# RP-Neueinsteiger sucht . . .



## Leonyja (17. September 2010)

"Wo bin ich den hier gelandet?" Sie steht auf, schüttelt verwirrt den Kopf und Klopft sich den Staub von ihren Kleidern.



"Es kann nichts passieren, ehrlich. Dieser Zauber ist ganz einfach - mach es so wie ich sage, und du findest dich am anderen Ende des Raumes wieder, hat sie gesagt" und schnaubt entrüstet.  "Diese.... DIESE.... wenn ich DIE kriege!!!"



Sie sieht sich um: Ein kleiner Hafen mit Holzsteg. Staubige, spärlich Bewachsende Hügel erstrecken sich um sie, in der Ferne scheint die Luft in der Hitze zu flimmern.

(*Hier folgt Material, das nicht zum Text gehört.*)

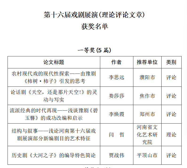 近日,河南省文化和旅游厅正式公示第十六届河南省戏剧展演获奖名单,beats365唯一官网教师贾战伟报送的理论评论文章《历史剧<大河之子>的编导特色简论》荣获戏剧展演理论评论文章类一等奖,这是beats365唯一官网在全省戏剧展演理论评论领域首次荣获该级别奖项。

Unter einer Palme döst ein.... GNOM??? "Wo in Azeroth bin denn hier? Jedenfalls nicht am anderen ende des Raumes" murmelt sie, während sie sich vorsichtig umsieht.



"Ah, da - ein Gasthaus, wenigstens etwas. Ich brauch nen Schluck zu trinken" Sie stöbert in ihren Taschen, und klaubt tatsächlich ein paar Kuperstücke aus ihrer ansonsten ziemlich leeren Tasche. Noch etwas wackelig auf den Beinen, betritt sie die Gaststube.

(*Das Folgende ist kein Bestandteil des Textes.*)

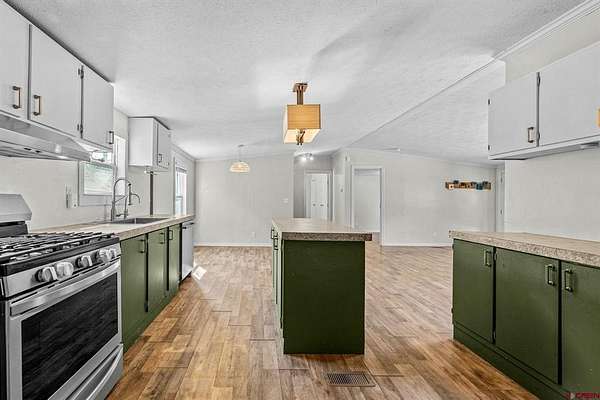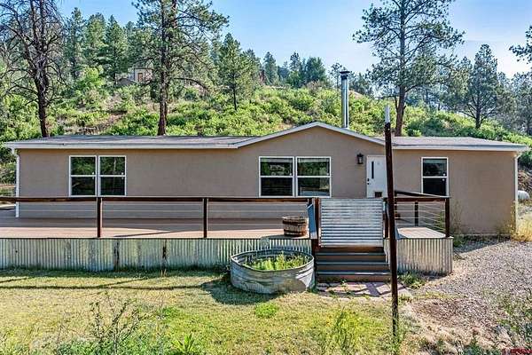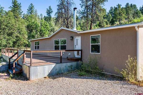 Michelle L Brown, Blackmore Group, C: 970-759-6958, michelle@homesforsaledurango.com, michellebrownhomes.com: This HUD-approved manufactured home, built in 2016 and set on a permanent foundation, offers the rare combination of privacy, flexibility, and potential. Nestled on 4.8 acres with Lake Durango water and no HOA or subdivision restrictions, the property is ideal for full-time living, or vacation rental income--as per county guidelines. Inside, the open-concept floor plan features a kitchen, dining area, and living room anchored by a wood-burning fireplace--creating a warm, central gathering space. The split layout ensures privacy, with a spacious primary suite on one end and two additional bedrooms with a shared bath on the other. Enjoy the peaceful surroundings from the front deck, complete with hooks for shade sails if desired. The property includes an 4.5 kW grid-tied solar system designed for long-term savings. An RV hookup is already in place. Additionally, a second building site is located up the hill--ready for development once permanent utilities are installed.

"Hallo, ich bin Wiley - was kann ich dir bringen?" Freundlich begrüsst sie der Gnom und mustert sie neugierig. "ähm - du hast doch geld, oder? Wie heisst du?" Der Gnom kneift die Augen zusammen, und betrachtet die Blutelfe etwas genauer: Das zerzauste Haar, der unsichereGang, die staubige Kleidung. "Hör mal, bist du betrunken? KEIN Alkohol für Magier, klar?"



"Ähm" räuspert sie sich "ich heisse - ehm" sie kratzt sich verwirrt am Kopf "gleich fällts mir wieder ein..." mit grossen Augen schaut sie den Wirt erschrocken an. "Tut mir leid - ich kann mich nicht erinnern."



Verlegen scharrt sie etwas Staub auf dem Boden zur Seite "Die Landung und der Teleportversuch ist mir wohl gröber Misslungen als ich dachte." Sie schluckt, und man sieht ihr an, dass ihr die Tränen in die Augen schiessen.



------------------------------------------------



OOC

Hallo zusammen, ich dachte ich versuche mich mal auf einem RP-Server. Ich habe einen 80er Mage auf Eredar, will  aber ein bisschen weg vom Raiden und Random-Instanzen farmen. RP fasziniert mich schon seit jeher, und ich dachte mir ich versuchs mal. Meine Main wird aber (vorerst) auf Eredar bleiben.



Kann mir vielleicht jemand sagen, wie (und wo) ich bei euch etwas Anschluss finden könnte - und wer vielleicht Lust hat, meine kleine Magierin etwas auf ihrem Weg zu begleiten? Über Ingame Post oder eine Antwort hier würde ich mich freuen.



in einer Gruppe (Instanz) spreche ich gerne ooc - meine Magierin ist im /s aber immer IC


--> heute Abend (17.09.) werde ich so ab 20.00 Uhr online sein 



Gruss, Nibiniell


----------